Eh, a super-recalcitrant perfectionist streak runs in our family, but the expectation that we should be perfect children never gave us the illusion that we were fulfilling our parents’ being. Rather the reverse. We were the inconvenient little yard-monkeys that they tolerated having around in the hopes that one day, we’d be responsible adults who’d do our parents proud. “Remember, we have to put up with you, and children don’t have the moral standing to give their parents a hard time, so knock it off!” was a pretty common message in our household.
It was always clear that we should behave perfectly, but also always clear that our parents held us under suspicion of not meeting this expectation. Maybe that’s why we felt our parents did an exceptionally good job (well, compared to neighboring families) reminding us of how much we were not the center of the universe.
I don’t consider that a reductio ab absurdum. I consider that a pretty good summary of human nature. As a species we are extremely good at such exploitation. We’re even good at convincing ourselves its a virtue. The trick of civilization is to convince people that the best form of exploitation is one in which you don’t exploit others. Market capitalism says that you can become rich by dealing fairly with your customers and workers.
Yet in our semi-Market crony-capitalist system you see the exploitation growing everywhere from immigration to law enforcement.

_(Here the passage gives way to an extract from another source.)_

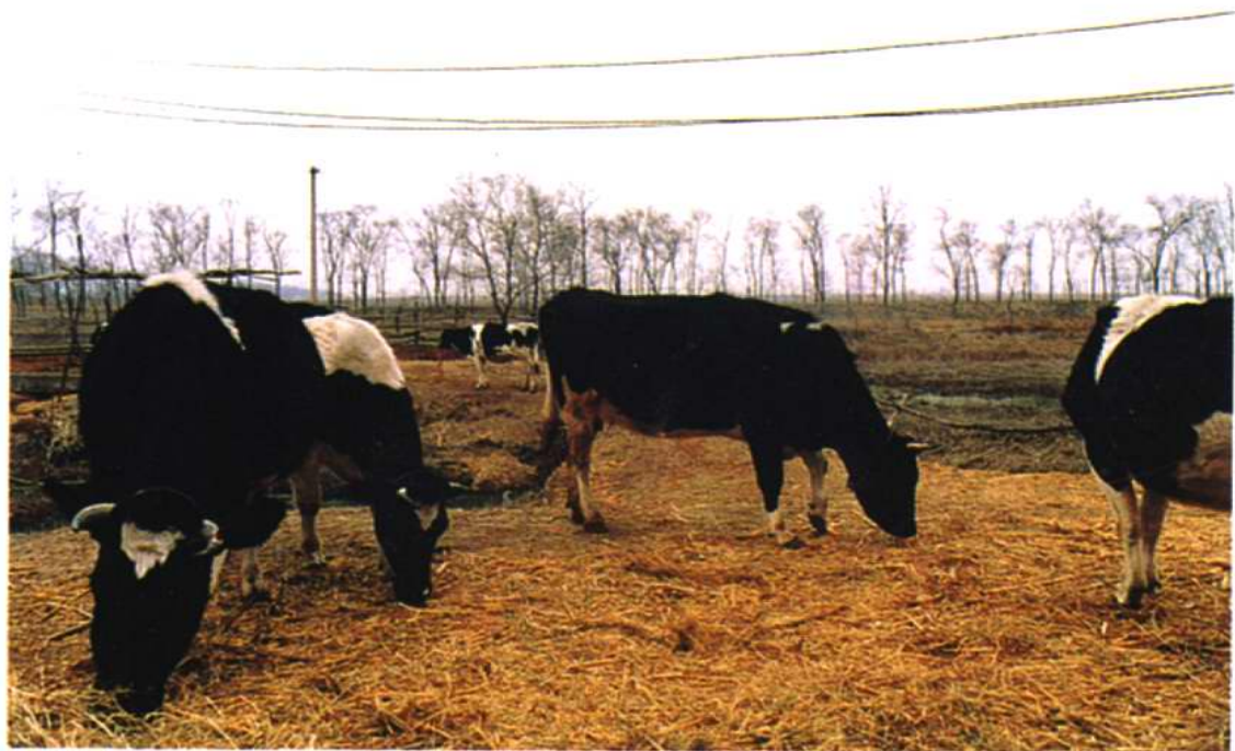
发展中的奶牛养殖业

The honors attached to marriage and standing in the community say that proper rearing and raising of children to be successful adults rather than a pet project or a sexual release can make you a leader among men (Christianity even codifies it in the standards of a deacon -“his children obey him in a manner worthy of full respect“).
Look around, in our semi-pagan family system, and see the damage, from the 20% sexual losers, and 25% never married, the lower-class collapse of family, and the Stepford hell of the middle class -and the top, who live Ozzy and Harriet lives, but deny that to the rest while preserving their own power.
Adam Smith, Theory of Moral Sentiments. Smart man.
Did you read my last sentence? I specifically didn’t say there was no silver bullet. To say that government can do nothing to help is patently false. There were plenty of cultural laws, such as marriage defined as one man, one woman, before. Laws shape the culture. That is something Libertarians apparently don’t understand.
Laws are a reflection of culture, otherwise people will regard them as unjust and either challenge or refuse to obey. Marriage laws did not stop people from having homosexual relationships, open marriages, or adulterous affairs. In order to change behavior, you need to convince people.
Quit whining.
Suck it up.
An excellent rule of thumb. That tends to work spectacularly. Until it fails spectacularly.